Сценка эта повторялась несколько дней подряд, каждый раз, как им случалось столкнуться в коридоре. Джордж терялся в догадках. Что означают эти слова? И почему Катамото не может их выговорить без смеха, что его так веселит? А ведь всякий раз, как Джордж, услыхав это «топ-топ», отвечает недоуменным, вопрошающим взглядом, Катамото заходится хохотом, прямо надрывается, по-детски топает ногами в крохотных башмаках и сквозь смех взвизгивает:

— Да… да… да! Вы топ… топочете!

И поспешно убегает.

Может быть, загадочные намеки на «топот», которые неизменно заканчивались взрывами смеха, как-то связаны с тем, что у него, Джорджа, такие большие ноги? Может, поэтому Катамото каждый раз при встрече лукаво косится на них и прыскает со смеха?
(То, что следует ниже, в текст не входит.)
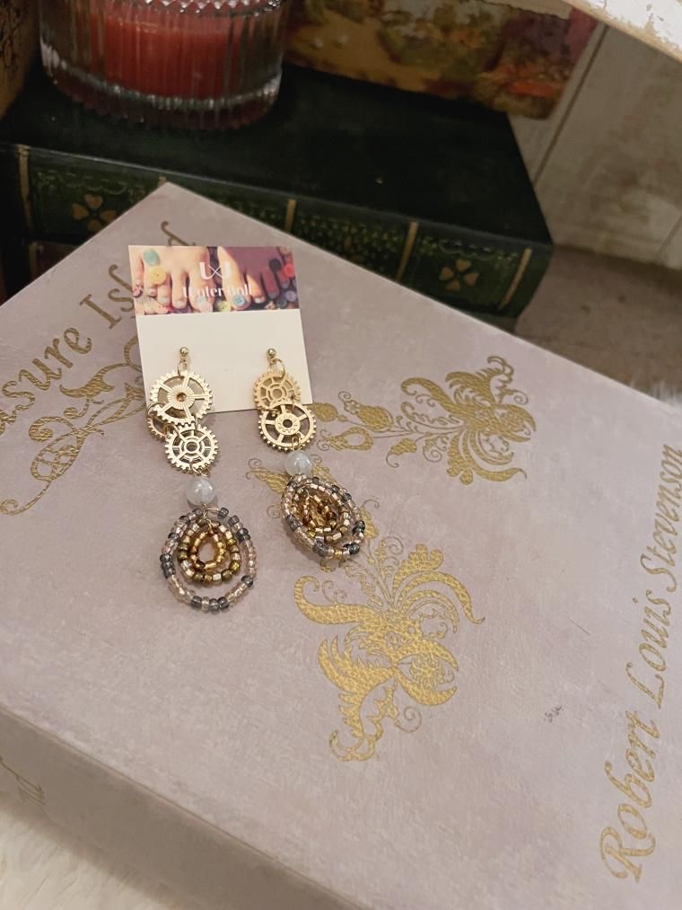 歯車モチーフと渦巻きビーズでデザインされた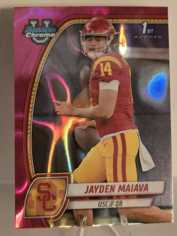 2024 Bowman University cromo - Jayden Maiava #195 refractor de lava rosa (RC)-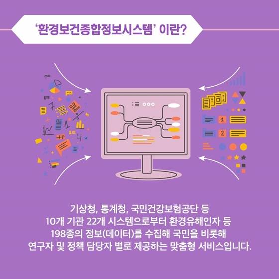 기상청, 통계청, 국민건강보험공단 등 10개 기관 22개 시스템으로부터 환경유해인자 등 198종의 정보(데이터)를 수집해 국민을 비롯해 연구자 및 정책 담당자별로 제공하는 맞춤형 서비스
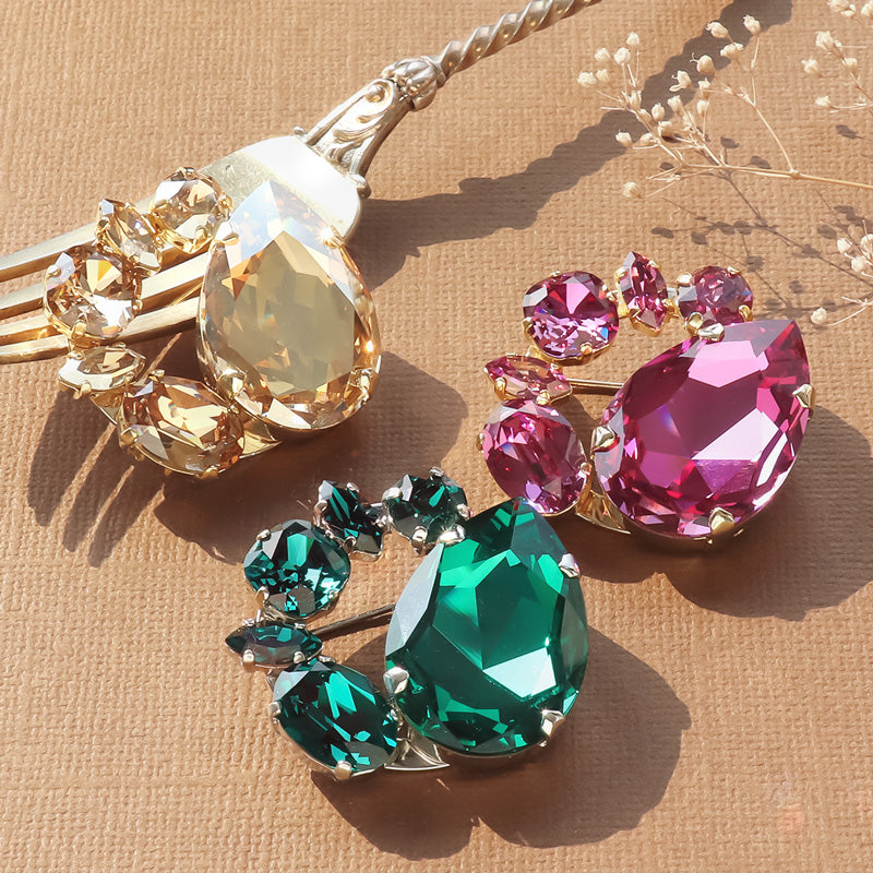 専用の石座に留めたり、ビーズで周りを囲むように編んだりして使用します。(F...フォイル加工あり unf...フォイル加工なし)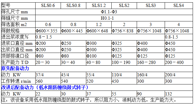 眾所周知,再生紙漿中的雜質(zhì)分輕雜質(zhì)、重雜質(zhì)兩部分。傳統(tǒng)型壓力篩由上部進(jìn)料,底部排渣,輕重雜質(zhì)都通過整個(gè)篩漿區(qū)。由于回收的廢紙箱漿料中會(huì)含有很多鐵釘、錠箱釘、砂石等硬質(zhì)雜質(zhì),當(dāng)這部分雜質(zhì)通過篩選區(qū)時(shí)勢(shì)必會(huì)給篩鼓及旋翼造成嚴(yán)重的磨損與破壞。嚴(yán)重的會(huì)擊破篩鼓。SLS型升流壓力篩采取底部進(jìn)漿、底部排重渣、頂部排輕渣的升流式結(jié)構(gòu)設(shè)計(jì),有效地解決了上述問題。重雜質(zhì)一進(jìn)入機(jī)體即被甩到底部沉渣槽,由重渣排渣管間歇或者連續(xù)排出機(jī)外,輕雜質(zhì)在壓力作用下升到頂部排渣口排出。這樣,一方面有效地縮短了雜質(zhì)在篩區(qū)的停留時(shí)間,降低了雜質(zhì)循環(huán)的可能性,提高了篩選效率;另一方面防止重雜質(zhì)對(duì)轉(zhuǎn)子和篩鼓造成的損壞,延長(zhǎng)設(shè)備的使用壽命。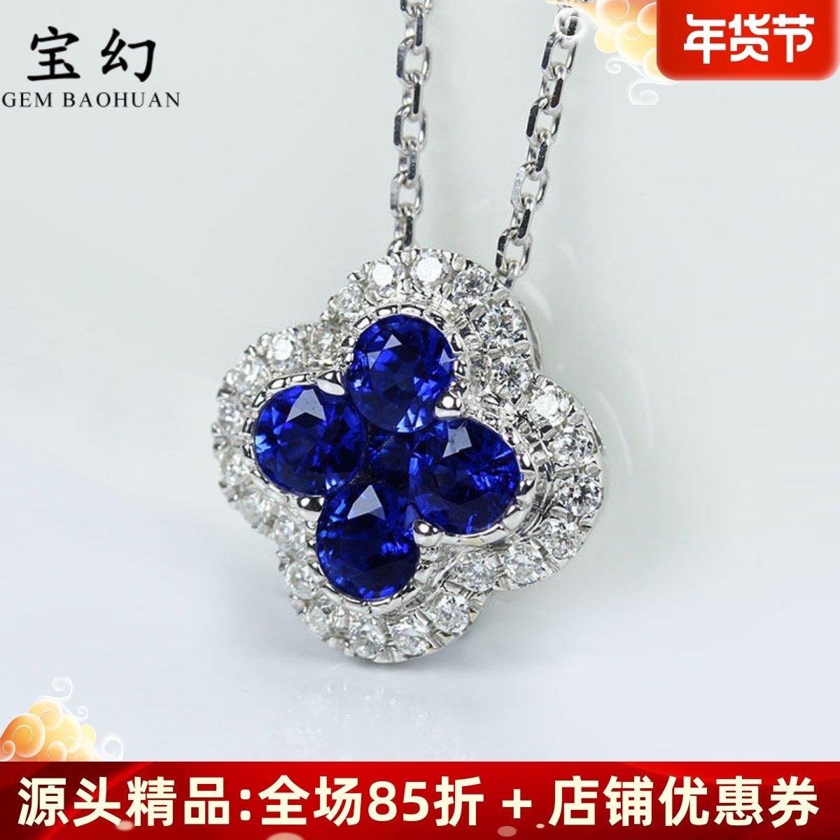 小号18K白金天然皇家蓝宝石四叶草吊坠 镶钻石锁骨项链女款配套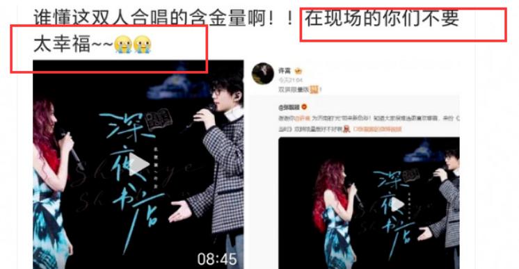 甚至在演唱《如果当时》的时候,许嵩听到张靓颖声音掩饰不住的笑意,看上去非常开心的样子。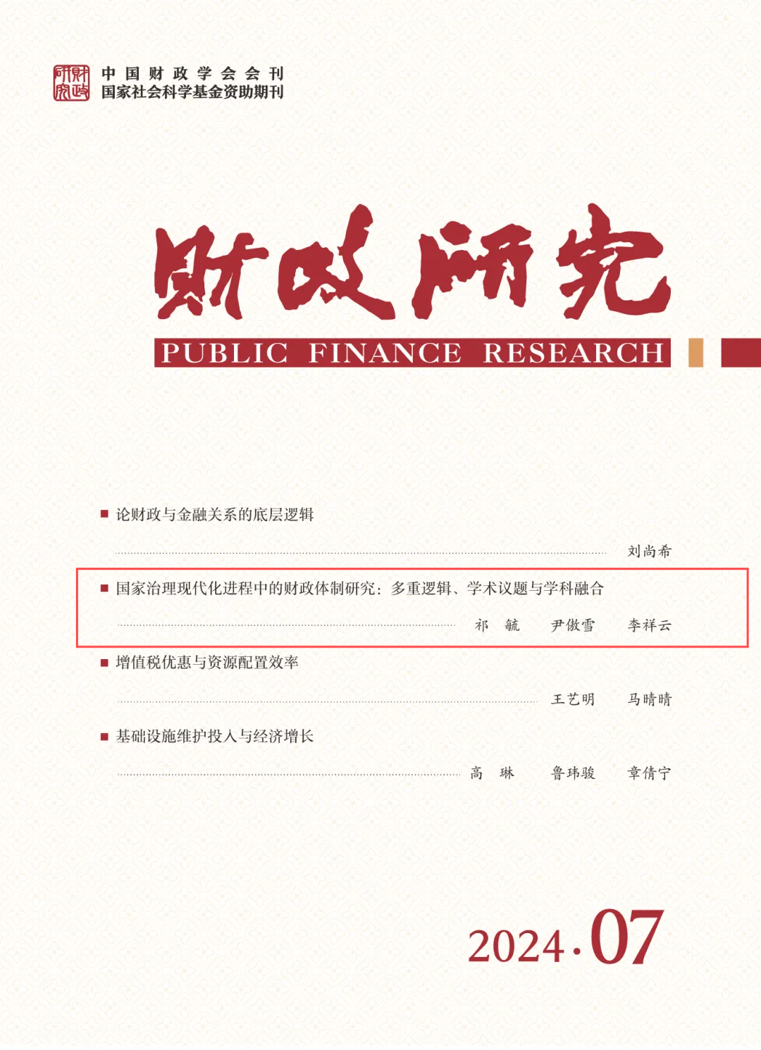 【学术期刊】《财政研究》,2024年第7期。

Впрочем, разгадка не заставила себя долго ждать. Однажды Катамото поднялся по лестнице и постучался к Джорджу. Когда тот отворил дверь, японец хихикнул, блеснул белозубой улыбкой и вдруг словно бы смутился. Помялся минуту, вновь через силу улыбнулся и наконец сказал:

— Прошу вас, сэр… Не угодно ли вам… зайти ко мне… на чашку чая?

Он выговорил эти слова медленно, до крайности церемонно, и тут же снова широко, приветливо улыбнулся.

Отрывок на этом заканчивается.